"39% and 54% of deleterious mutations occur in African/African-American (AFR) and non-Finnish European (EUR) strains, respectively. The prevalence of deleterious mutations in Latin American (AMR), East Asian (EAS), South Asian (SAS), and European Finland (FIN) strains is 2-10%. Amish (AMI) and Askenazi Jews (ASJ) show no deleterious mutations for this receptor.”
"Concerning the TMPRSS2 receptor, 22 out of 63 (35%) identified deleterious mutations are reported by AFR, 37 out of 63 (59%) are reported by EUR, while FIN, EAS and SAS each report 4 out of 63 deleterious mutations. Askenazi: 3 of 63, Amish: 1 of 63."

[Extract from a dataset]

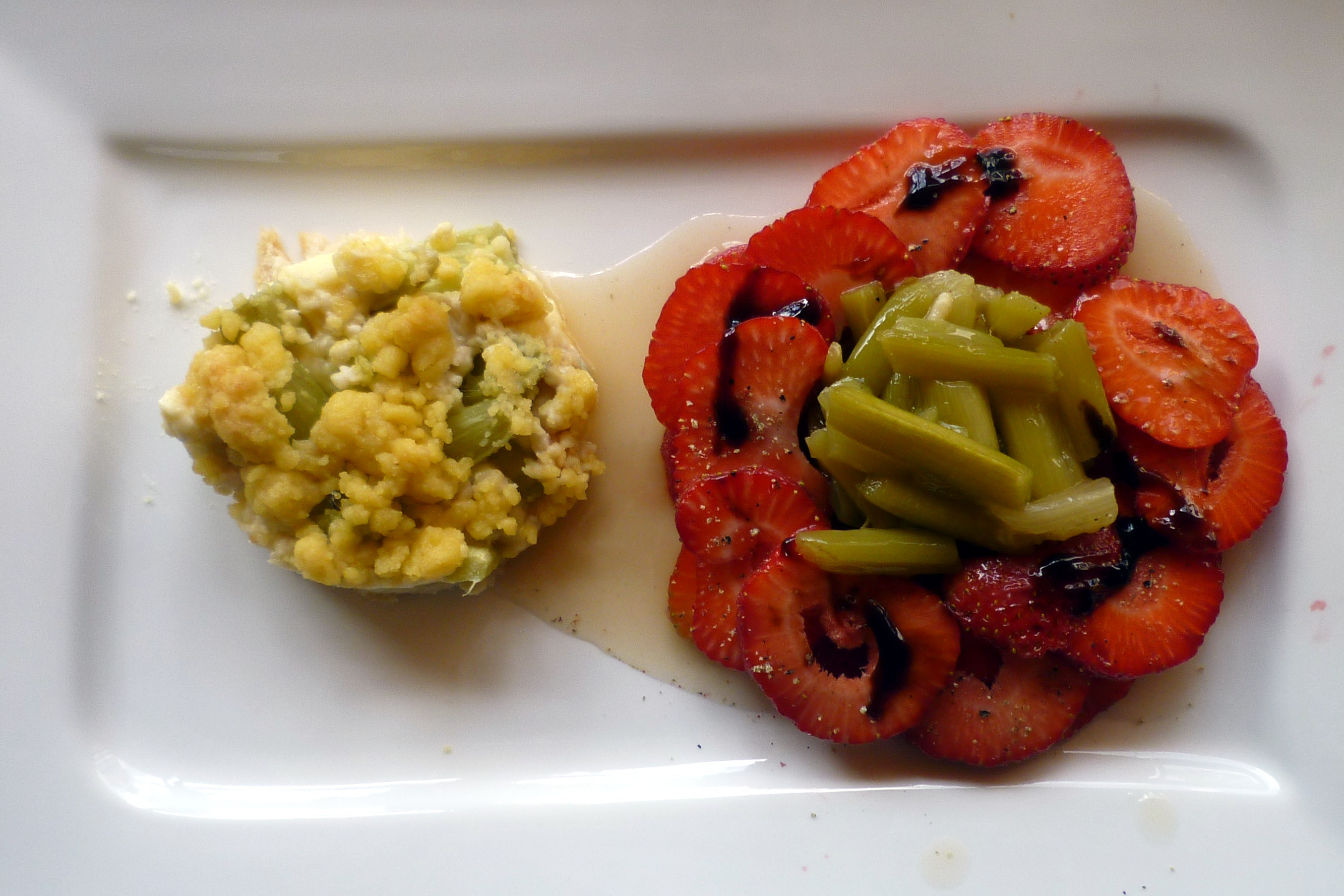Die Erdbeeren als Rosette auslegen, mittig den Rhabarber anordnen und den Sud darüber gießen. Dazu ein Stück Rhabarberkuchen mit Streuseln.
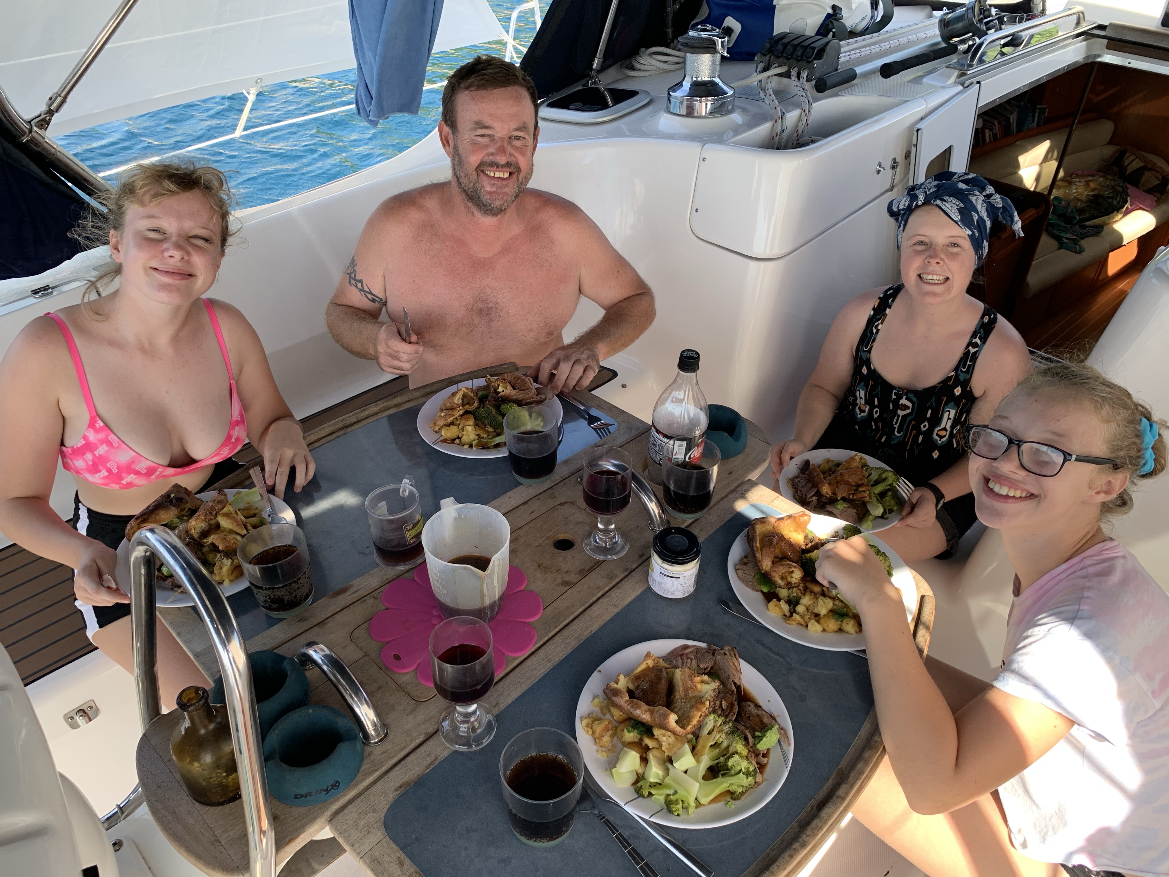 It was the first roast dinner we’ve had since we arrived on Quest – and probably the last for a while. Not that we can’t roast in our gas oven – but doing it today felt like a treat. Treats are by nature, not every week. Tomorrow we’ll go back to the one-pot wonder and feel like sailors again. Maybe cook some omelettes. Ham? Cheese? Mushrooms anyone?

"The study goes on to suggest therapies based on the combination of hydroxychloroquine (ACE2 inhibitor) and Camostat (TMPRSS2 inhibitor), to be combined according to the viral status and the receptors most involved in the infection."
"Apart from the fact that it is becoming increasingly clear that effective therapies have been possible since 2020 itself, we are left with the factual consideration that a chimera virus engineered in a Chinese laboratory (question: with the collaboration of European and American virologists?) spread throughout the world and, by exploiting those risk factors of an ethnic type, has unloaded its virulence essentially on Europeans and Americans (Although Africans at risk were already covered by antimalarials), leaving relatively less exposed (and with known therapies) the Scandinavian, Native American, Asian, Amish (Germanic), and Ashkenazi stock."